Ahhh...the old quantity versus quality question. Yes, my friend, in the brave world of the future that we are all currently trapped in, the digital versus printed comics question is rapidly becoming the "Coke vs Pepsi" of the nerd world. Truth be told, there is no true, one-size-fits all answer. The comic book nerd is as unique an animal as, well, any other animal.
My personal choice is print, because I am an old, old nerd. The feel, the smell, THE HUNT, the owning, the keeping, the organizing...
Hmmm...? Oh, yes, sorry, I was missing in action for a moment. Where was I? Oh, yes, digital versus printed comics. It is true that digital copies of the latest comics are much cheaper than the print version, and therefore a greater quantity of the images and stories that we all love can be had for the same coin as the printed version, plus all one has to do to acquire their new precious is to click the mouse a few times and there it is, in all its four-color glory.

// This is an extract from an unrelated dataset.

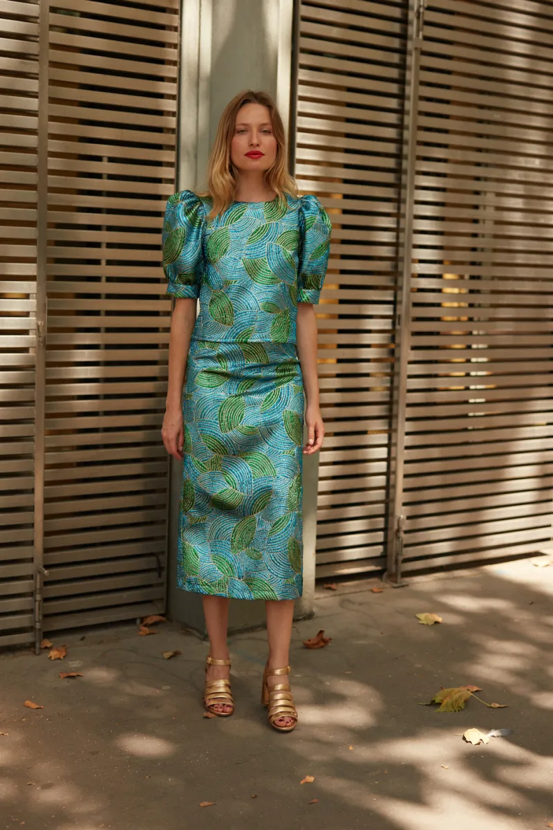 La jupe Vénus est une pièce forte qui se suffit à elle-même et garantit un look résolument glamour. Elle offre une silhouette mode et structurée et peut être portée avec la blouse Vénus pour un total look !

Those facts alone gives digital a strong lead in the race to the future, not to mention the ease of storage for the digital comic book. Oy vey, every time I move a long box it makes me wish I'd collected stamps...
But if you stop to think about it, what are you really buying when you download a digital comic book? They're just pixels on a screen. There is nothing to them, no sense of permanence or reality. I've read Action Comics in reprints and digital form, and it was neat, but the one time that I was actually able to hold an original first print of the venerable book in my hand...*shiver*... I knew that I was touching the past itself.
I knew that somewhere, in the summer of 1938, a human being, most likely a pre-teen boy, picked up this book and made the decision to buy it. They had many choices that day, they could have gone to a movie or bought an ice-cream cone. But instead they chose to lay down a shiny dime, and walk away with the beginning of a true American legend stuck in his back pocket (the book had a faint crease right down its middle; I shuddered at the image that it provoked in my mind). Then, over the decades, the book sat somewhere, it was a little beat up, probably a Very Good copy at best, it may have been on a shelf in a closet somewhere, or stuffed under a mattress next to a purloined copy of Playboy (also a valuable collectible, in it's own right).
A question of lineage that can never be answered comes with the purchase of the book, a sense that a life was lived, a first kiss, a first sweaty grope in the back of a '57 Chevy, love, marriage, children... And, eventually, the passing on of a beloved magazine to someone else, maybe a son or daughter, maybe to some guy on the other side of a retail counter, all of these things are in the background when one holds a real, physical copy of this...this beloved thing.
But its cheaper to 'buy' a digital copy, it's cheaper, it's easier to do and it takes nothing to store it. I feel a real sense of loss that that is a true statement.